Record extracts →
....
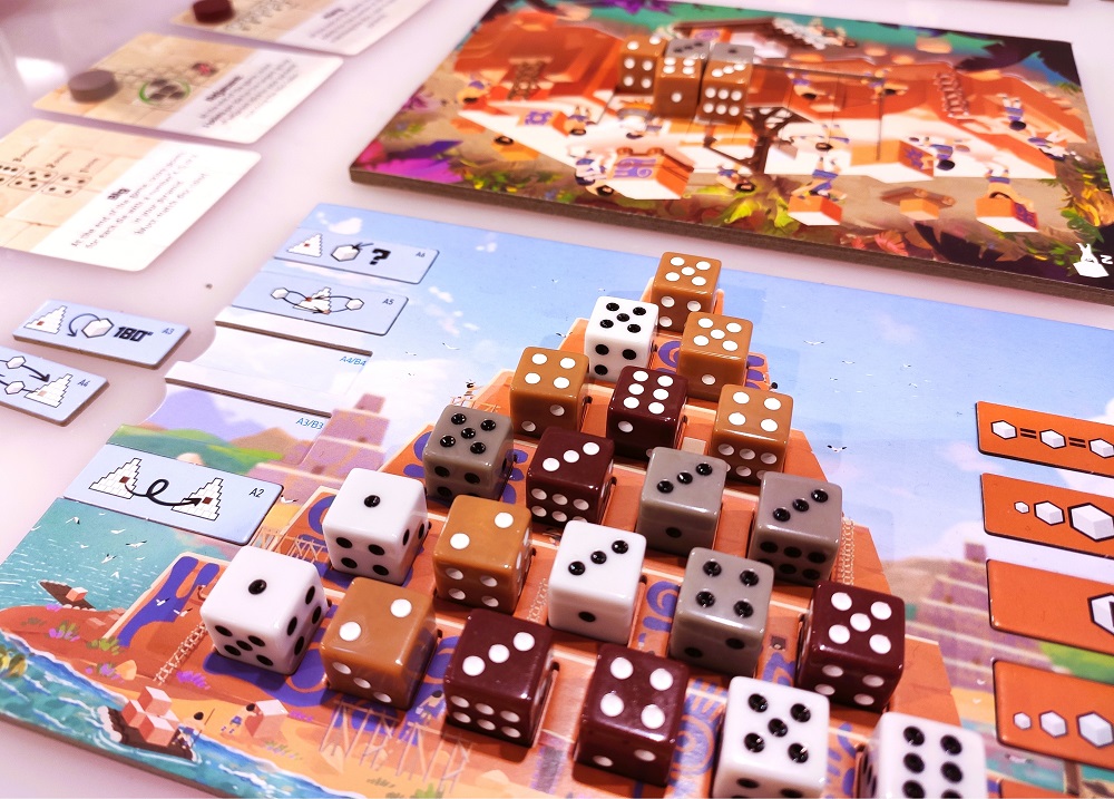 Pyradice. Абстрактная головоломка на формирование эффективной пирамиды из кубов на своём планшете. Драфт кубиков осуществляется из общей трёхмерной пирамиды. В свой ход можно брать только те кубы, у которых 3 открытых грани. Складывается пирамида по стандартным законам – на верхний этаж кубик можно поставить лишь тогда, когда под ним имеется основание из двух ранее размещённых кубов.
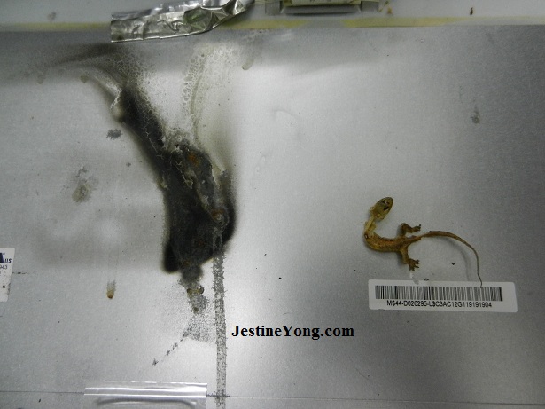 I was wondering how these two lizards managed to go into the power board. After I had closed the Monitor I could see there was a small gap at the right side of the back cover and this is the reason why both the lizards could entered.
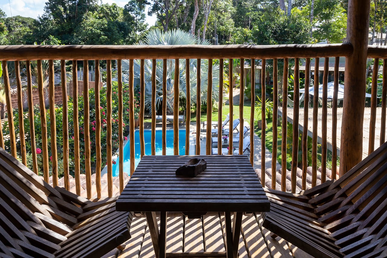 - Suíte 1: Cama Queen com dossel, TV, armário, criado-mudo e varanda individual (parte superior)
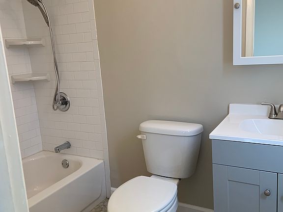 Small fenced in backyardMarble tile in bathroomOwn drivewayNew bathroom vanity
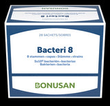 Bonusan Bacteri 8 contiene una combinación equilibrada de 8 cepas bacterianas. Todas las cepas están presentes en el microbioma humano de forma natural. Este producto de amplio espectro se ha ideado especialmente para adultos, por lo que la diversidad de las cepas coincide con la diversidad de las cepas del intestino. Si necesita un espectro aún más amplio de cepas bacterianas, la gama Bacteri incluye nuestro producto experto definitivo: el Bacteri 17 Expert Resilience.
....
Your instructions →
Leave the images out and print each entry exactly.

Task response →
 Pyradice. Абстрактная головоломка на формирование эффективной пирамиды из кубов на своём планшете. Драфт кубиков осуществляется из общей трёхмерной пирамиды. В свой ход можно брать только те кубы, у которых 3 открытых грани. Складывается пирамида по стандартным законам – на верхний этаж кубик можно поставить лишь тогда, когда под ним имеется основание из двух ранее размещённых кубов.
 I was wondering how these two lizards managed to go into the power board. After I had closed the Monitor I could see there was a small gap at the right side of the back cover and this is the reason why both the lizards could entered.
 - Suíte 1: Cama Queen com dossel, TV, armário, criado-mudo e varanda individual (parte superior)
 Small fenced in backyardMarble tile in bathroomOwn drivewayNew bathroom vanity
 Bonusan Bacteri 8 contiene una combinación equilibrada de 8 cepas bacterianas. Todas las cepas están presentes en el microbioma humano de forma natural. Este producto de amplio espectro se ha ideado especialmente para adultos, por lo que la diversidad de las cepas coincide con la diversidad de las cepas del intestino. Si necesita un espectro aún más amplio de cepas bacterianas, la gama Bacteri incluye nuestro producto experto definitivo: el Bacteri 17 Expert Resilience.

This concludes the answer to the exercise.